▶ [Problem requirements] Pictures are to be excluded. Please print only the lines from the one containing "根据《拉拉贡城堡干红2010" through the end of the data, exactly as they appear.

▶ [Data section]
- Opening Delimiter -
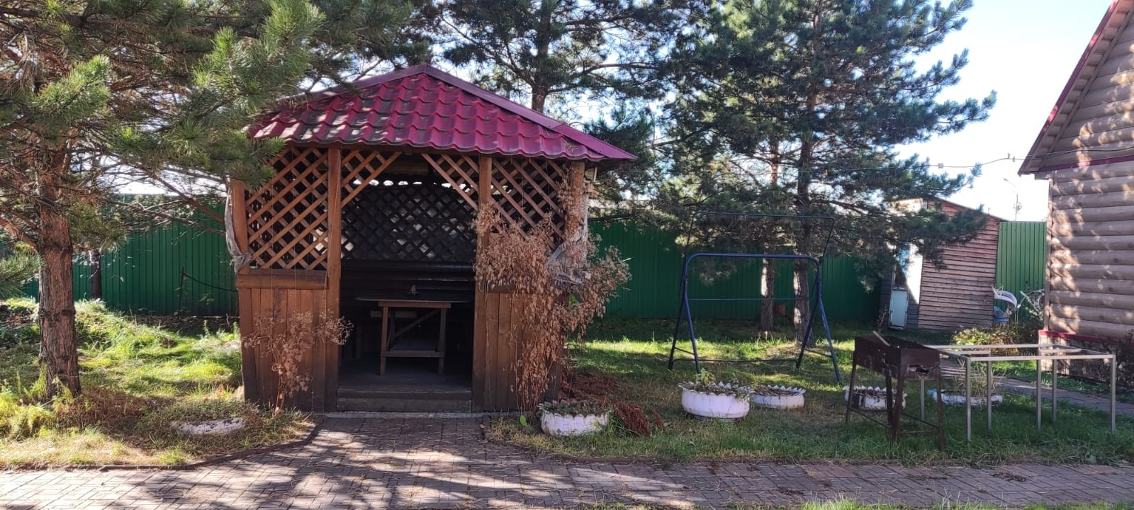Мансарда летней кухни оборудована под небольшую комнату и обшита вагонкой. Имеется большой котел отопления (Бункер "Стаханов" 15/40.),отопление в доме пока не проведено. На первом и втором этажах дома предусмотрены выводы для двух санузлов. На втором этаже частично произведена внутренняя отделка, на первом этаже отделки нет. Стиральная машинка автомат, кухонный гарнитур, которыми оборудована летняя кухня, а также душевая кабинка, которая имеется в бане, остаются покупателю в подарок. Усадьба частично огорожена забором (со стороны улицы-бетонный забор, со стороны соседей-металлопрофиль).В огороде имеются плодово-ягодные культуры: малина, смородина, крыжовник, яблоня с большими вкусными яблоками, несколько яблонь полукультурок с раннеспелыми и позднеспелыми яблочками, клубника, черешня, жимолость, вишня, слива, черноплодная рябина. На участке 2 поликарбонатные теплицы по 6 м, большой бак для полива в огороде, скважина. Придомовая территория засеяна газоном. Огород от придомовой территории отделён большими красивыми соснами. Есть деревянная беседка со столом и лавочками, проведено электричество. Электричество к усадьбе проведено 380 Вольт со всеми необходимыми согласованиями. Также имеется металлический гараж. Из декоративных деревьев, кроме сосен, на территории усадьбы имеются: сирень, калина, рябина, маньчжурский орех, дубки. На участке посажены: гортензии, розы, кематисы, пионы, лилии, хосты и др. Земля в собственности. Уличный туалет оборудован полноценной системой канализации (раковина с холодной водой, полотенцесушитель, унитаз со сливом в выгребную яму), электричество.
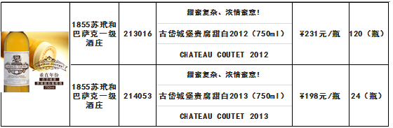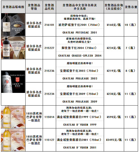 根据《拉拉贡城堡干红2010(750ml)拉图嘉利城堡干红2010(750ml)佳得美城堡干红2011(750ml)等酒品发售公告》,本次波坦萨城堡干红2002(750ml)-酒品代码:215231酒品截止于9月1日15时32分发售结束。
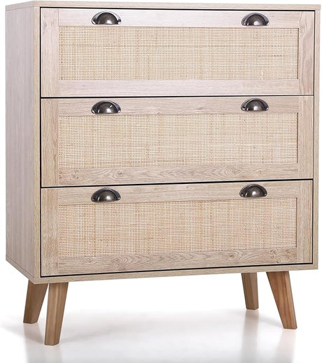 Rattan Cabinet Boho Dresser 3-Drawer Chest of Drawers/Accent Storage Cabinet/Nightstand
- Closing Delimiter -
▶ [Solved problem]
 根据《拉拉贡城堡干红2010(750ml)拉图嘉利城堡干红2010(750ml)佳得美城堡干红2011(750ml)等酒品发售公告》,本次波坦萨城堡干红2002(750ml)-酒品代码:215231酒品截止于9月1日15时32分发售结束。
 Rattan Cabinet Boho Dresser 3-Drawer Chest of Drawers/Accent Storage Cabinet/Nightstand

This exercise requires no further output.